4. Barry Zito keeps ... doing whatever it is he does
Good start bad start awful start good start meh start meh start meh start bad start good start meh start meh start bad start bad start awful start great start meh start good start meh start meh start meh start bad start bad start meh start good start awful start meh start meh start

5. Chad Gaudin continues his surprising ways
He's been a nice surprise, alright. I'd still like to see Vogelsong back, but no complaints about Gaudin.

6. THE BULLPEN STARTS PITCHING BETTER
GOOD GOD BULLPEN STOP BEING SO AWFUL. YOU ARE AWFUL. STOP DOING THAT. THE AWFUL. STOP DOING THE AWFUL THINGS YOU HAVE BEEN DOING.

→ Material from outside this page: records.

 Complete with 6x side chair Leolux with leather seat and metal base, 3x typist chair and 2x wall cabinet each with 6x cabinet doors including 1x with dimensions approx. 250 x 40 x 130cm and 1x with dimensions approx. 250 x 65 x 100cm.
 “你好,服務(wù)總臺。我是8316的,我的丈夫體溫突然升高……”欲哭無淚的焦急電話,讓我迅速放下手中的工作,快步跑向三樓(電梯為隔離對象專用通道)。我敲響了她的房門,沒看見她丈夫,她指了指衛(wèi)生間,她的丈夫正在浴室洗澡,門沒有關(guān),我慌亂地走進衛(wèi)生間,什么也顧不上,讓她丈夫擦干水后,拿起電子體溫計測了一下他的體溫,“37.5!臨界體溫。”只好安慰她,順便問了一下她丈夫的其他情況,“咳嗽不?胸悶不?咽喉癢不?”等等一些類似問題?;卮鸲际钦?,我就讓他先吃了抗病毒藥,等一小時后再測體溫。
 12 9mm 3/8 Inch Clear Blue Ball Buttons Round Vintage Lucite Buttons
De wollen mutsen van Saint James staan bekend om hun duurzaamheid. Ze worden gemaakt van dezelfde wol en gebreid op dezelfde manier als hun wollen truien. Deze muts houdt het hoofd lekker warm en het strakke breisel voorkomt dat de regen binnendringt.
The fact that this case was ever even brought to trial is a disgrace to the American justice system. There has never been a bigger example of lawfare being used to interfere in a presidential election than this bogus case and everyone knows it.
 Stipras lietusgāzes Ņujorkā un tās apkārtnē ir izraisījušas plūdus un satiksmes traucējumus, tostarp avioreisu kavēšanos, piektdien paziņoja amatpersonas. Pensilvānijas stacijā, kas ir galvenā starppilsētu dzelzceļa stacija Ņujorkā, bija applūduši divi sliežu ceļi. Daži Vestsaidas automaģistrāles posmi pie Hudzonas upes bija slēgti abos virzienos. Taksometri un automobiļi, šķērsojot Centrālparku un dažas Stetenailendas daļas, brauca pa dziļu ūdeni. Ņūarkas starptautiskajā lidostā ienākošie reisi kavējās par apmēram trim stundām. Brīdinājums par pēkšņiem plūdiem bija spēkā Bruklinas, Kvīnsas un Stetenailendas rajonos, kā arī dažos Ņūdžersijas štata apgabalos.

7. HIT THE BALL YOU HORRIBLE BASEBALL PLAYERS
HIT THE DAMNED BALL. YOU ARE HORRIBLE BASEBALL PLAYERS. not you buster. YOU ARE ALL HORRIBLE, AND YOU SHOULD STOP BEING HORRIBLE. i'm sorry about this buster. HIT THE BASEBALL. HIT THE BASEBALL. WHEN SOMEONE THROWS A BASEBALL, HIT IT WELL. IF YOU STOP BEING HORRIBLE, YOU HAVE A CHANCE. plug your ears buster

Call it the seven-step plan to renewed interest. And, say, those first five are already happening. They were happening throughout the June meltdown, and it's not crazy to expect them to continue.

The sixth one seems unlikely to us right now, but Santiago Casilla is close, and bullpens are weird and mercurial.

The seventh one seems impossible, but the Giants spent the first two months of the season being a good offensive team. Not just acceptable or workable. Good. This latest gutterslump came out of nowhere, and it's been bad enough to beat us all down and drop the Giants well under .500 for the first time in years. But I'm pretty sure that Pablo Sandoval isn't a replacement-level player now, or that Brandon Crawford isn't going to keep doing the Bocock Shuffle, or that Scutaro's slump is one of those things, and nothing related to mallet fingers.

Maybe the Giants can still hit. Enough to be frustrating instead of mood-poison, at least.

There's a Giants/Dodgers series coming up. I don't even really care about the Dodgers part. That's how thorough the Giants' malaise has affected me. Don't care about the rivalry right now; I just want something to cheer for. Start there, and worry about the Dodgers later. Specifically, worry about the Yasiel Puig Hall of Fame ceremony held atop the pile of vanquished-enemy corpses later.

Right now, I'd just like to remember why baseball is supposed to be fun to watch.